In the never-ending see-saw that was Romanov rule in Russia, a truly forward-thinking Tsar finally came to power in 1855. Alexander II accomplished Catherine the Great’s never-achieved emancipation of Russia’s serfs, among a host of other good-government reforms, leading his newly free and suddenly energized public to call him Alexander the Liberator.
Likely influenced by a grand tour of Europe when he was a young man (and during which he and a 20-year-old Queen Victoria may have had a bit of a romance), he took the throne amidst plenty of chaos left over from his father, Nicholas I’s, rule. Russia was still bogged down in the Crimean War, for instance, a situation Alexander resolved by simply withdrawing Russia from the conflict and negotiating a disadvantageous peace that allowed him to focus on the stuff he really liked.

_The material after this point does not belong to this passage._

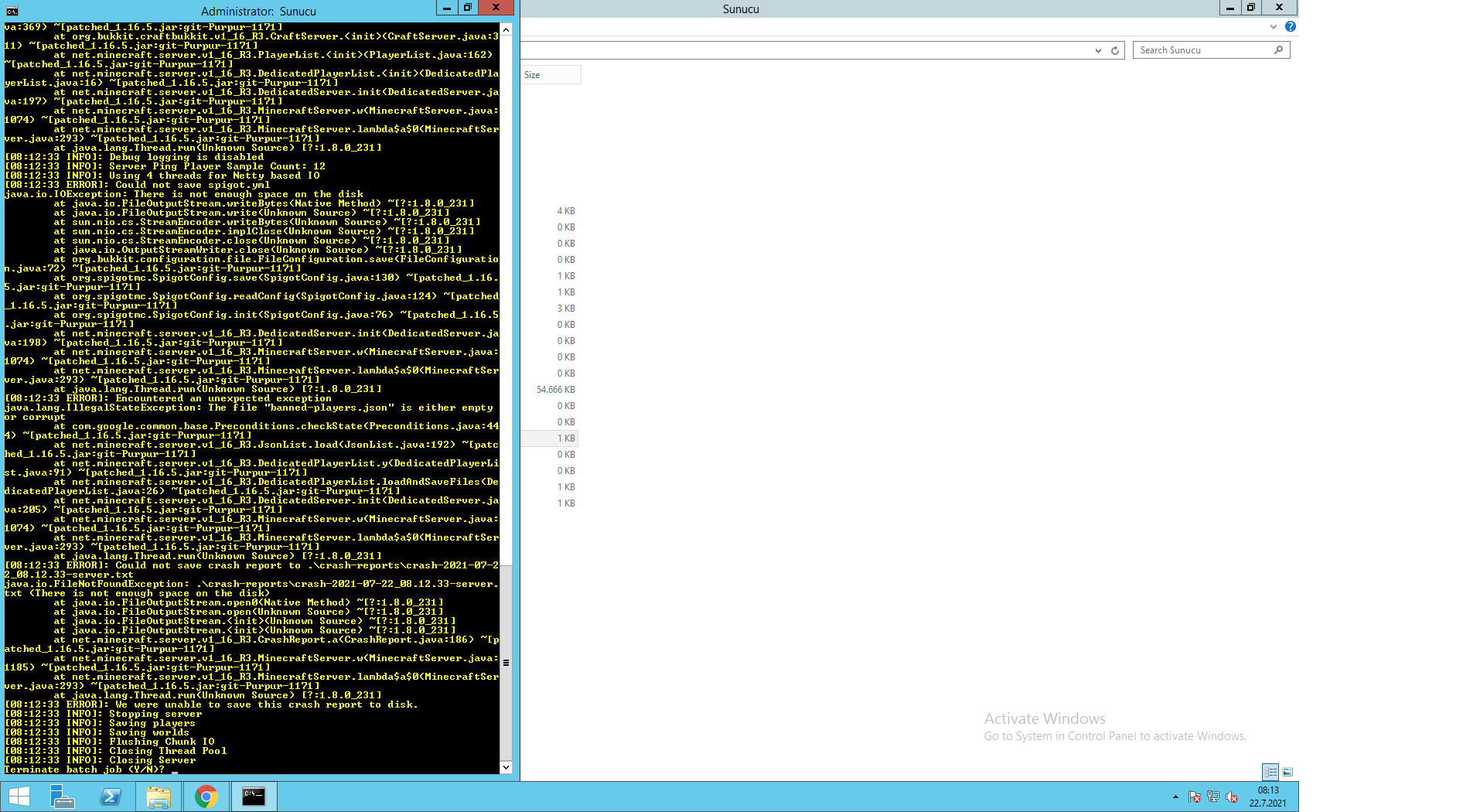 Ayrıca ordaki spamlanan yazıları çözdüm. Şuan da serveri açtığım zaman geri kapanıyor o sıkıntıyla uğraşıyorum
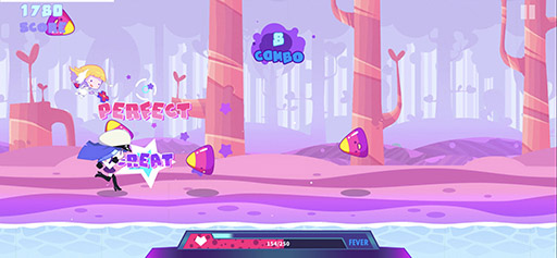そして非常にユニークなのが,プレイフィールこそリズムアクションというジャンルのそれであるものの,ビジュアル面では2D横スクロールアクションゲームっぽさを強く押し出している点。プレイヤーがリズムに合わせてゲームを進めていくことで,操作しているキャラクターが敵を次々と倒していく気持ち良さを味わえるのだ。

Under his leadership, with freedom in fairly full flower in Russia, new business formation went through the roof, new rail lines were built to expand commerce and promote defense, and municipalities and regions gained more rights for self-government. Trials by jury were the new fashion, and Russia even found a way to rid itself of a money-losing North American colony on the western coast of Canada.
But Russia remained Russia, and radical groups still chafed under Romanov rule. Alexander survived a number of assassination attempts during his reign, but in 1881, a bombing finally left him mortally wounded – and the bombers’ stories would go on to intersect with Russian history in a profound way just a few decades later.